Le profil peu marqué de l’étape d’aujourd’hui favorise clairement les sprinters. Cependant, les collines peu profondes abritant des vignes et des vaches en pâture ne sont qu’un voile superficiel drapé sur d’énormes monts qu’aucun cycliste ne songerait à gravir.
Sous le tarmac se cachent de gigantesques colonnes de sel, appelées diapirs de sel, qui s’élèvent à plus de 2000 mètres de profondeur. L’un de ces diapirs est en fait à l’origine de la plus grande ville thermale de France et notre point de départ, Dax. Nous y reviendrons plus tard, mais penchons-nous d’abord sur l’origine des diapirs de sel.
250 millions d’années de sédiments
L’étape d’aujourd’hui fait passer les coureurs par le bassin aquitain. Il s’agit d’un gigantesque bassin géologique de roches du socle paléozoïque, d’unesuperficie d’environ 65 000km2. Au cours des 250 millions d’années écoulées, il s’est progressivement rempli de sédiments. Il s’agit d’une alternance de couches de sable, de limon, de carbonates et, oui, d’une puissante et particulière couche d’argile salée. Cette évaporite, comme on l’appelle en termes géologiques, s’est déposée au cours du Trias supérieur (il y a environ 210 millions d’années). C’est une période d’extension tectonique et de formation analogique de nouveaux sous-bassins.
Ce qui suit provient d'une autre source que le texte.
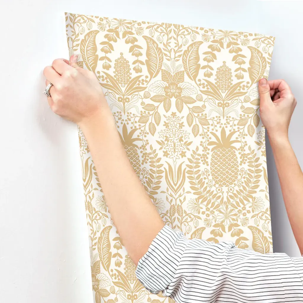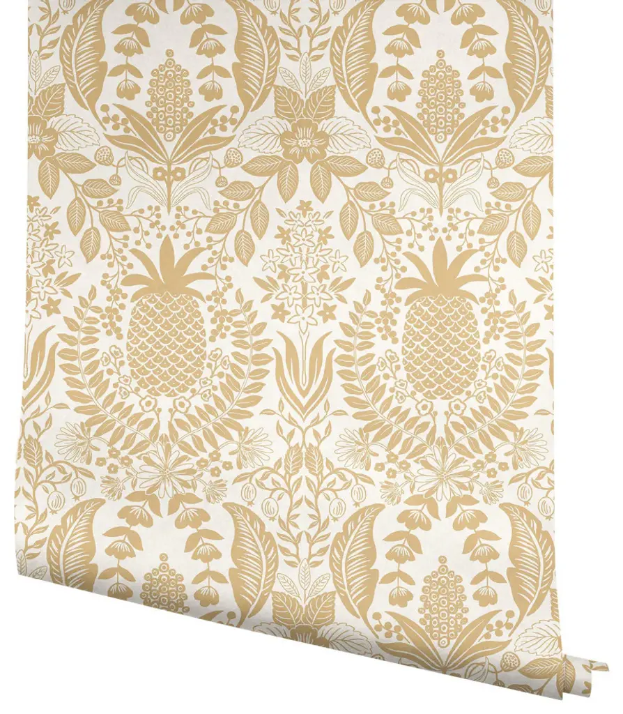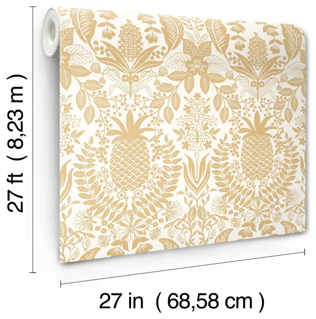 Pineapple Damask celebrates traditional symbols of hospitality with pineapples framed by rich floral accents, the pattern inked in tangerine along a white backdrop. This Pineapple Damask Wallpaper measures approximately 27 inches wide by 27 feet long, measuring approximately 60.8 square feet per roll. The world of Rifle Paper Co. is in full bloom with their third wallpaper collection. With statement floral prints, detailed illustrated designs, and metallic accents, this collection is designed to bring beauty to every room. Unpasted non woven material; 25.25-in repeat, straight match; Washable and strippable; 27-in by 27-ft long roll; Covers about 60.8 square feet

C’était une période climatique chaude, plus chaude que notre climat actuel. Les eaux de surface qui s’écoulaient dans les bassins nouvellement formés se sont évaporées assez rapidement. Il ne restait plus que l’argile salée que les rivières avaient ramassée sur leur passage. Ce processus s’est poursuivi pendant des millions d’années, aboutissant à une couche d’évaporites de plusieurs centaines de mètres d’épaisseur !
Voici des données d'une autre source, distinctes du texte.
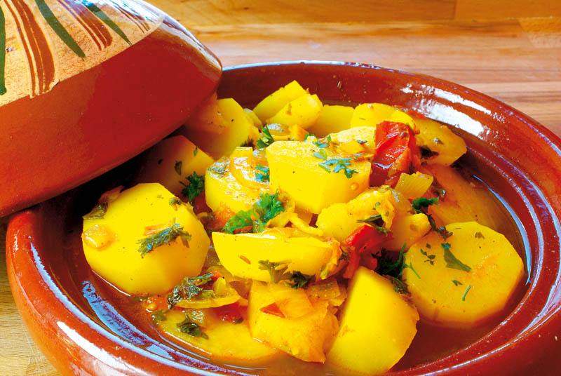 3. După ce s-au fiert cartofii, se pun roşiile din cutie sau pasta de roşii, foaia de dafin şi rozmarinul şi se bagă în cuptor să se rumenească.

Montagnes de sel invisibles et sprinters
D’accord, mais comment ce sel déposé horizontalement s’est-il transformé en montagnes ? Imaginez le peloton de cyclistes professionnels d’aujourd’hui, à l’approche de l’arrivée à Nogaro. A 400 mètres de l’arrivée, les meilleurs sprinters sont toujours cachés derrière leurs hommes de tête. Ensuite, dès qu’ils passent la barre des 200 mètres, la pression monte. Les plus rapides et les plus agiles se faufilent dans les moindres interstices.
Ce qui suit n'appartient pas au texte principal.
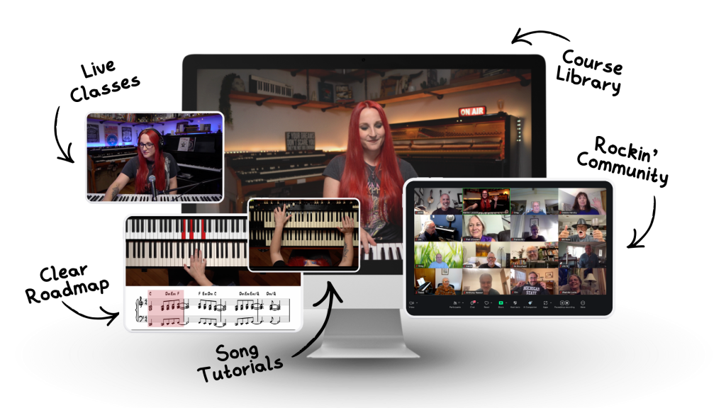 The Online Rock Lessons Membership is a structured piano training program for players who want to turn lead sheets into real music.

Les évaporites étaient nos meilleurs sprinters : pressurisées par les couches plus jeunes, mais lourdes, de carbonates et de sable qui les recouvrent. L’argile salée, plus ductile, s’est engouffrée dans les fissures qui se sont formées lors d’une autre phase d’extension au Crétacé inférieur (il y a environ 120 millions d’années). Un peu plus tard, les crêtes de sel actuelles ont été écrasées par le sud lorsque l’Ibérie est entrée en collision avec l’Eurasie. C’est cet événement qui a soulevé les Pyrénées (il y a 60 à 20 millions d’années). Et voilà, nous y sommes : des montées d’argile salée, abruptes, déformées, invisibles, juste sous nos pédales.
Prenons un bain !
Génial, le spa en plus ! Eh bien, à environ 75 km au sud de Dax, les précipitations pyrénéennes s’infiltrent dans les calcaires fissurés du Crétacé. Cette eau s’écoule vers le nord, sous terre, en aval à travers le calcaire plissé jusqu’à une profondeur d’environ 2 km, jusqu’à ce qu’elle atteigne notre « Diapir de Dax ». Vous souvenez-vous de la manière dont le sel a été fortement pressé ? Sa force brute a fait plier vers le haut le calcaire sus-jacent qui accueillait l’eau.
C’est pourquoi aujourd’hui, après un voyage de 20 000 ans, l’eau qui se précipite dans les Pyrénées peut remonter le long des flancs du diapir. Là, il se réchauffe (le sel est un excellent conducteur de chaleur géothermique) et se charge en minéraux salés. Cette eau finit par jaillir en de multiples endroits de la région. La plus célèbre est la Fontaine Chaude, cœur de Dax depuis l’époque préromaine. Avec un flux annuel de plus de 2’000’000 litres et une température de 64 degrés Celsius, cette source mérite bien son nom.
Voyons maintenant quels sont les coureurs qui valent leur pesant de sel.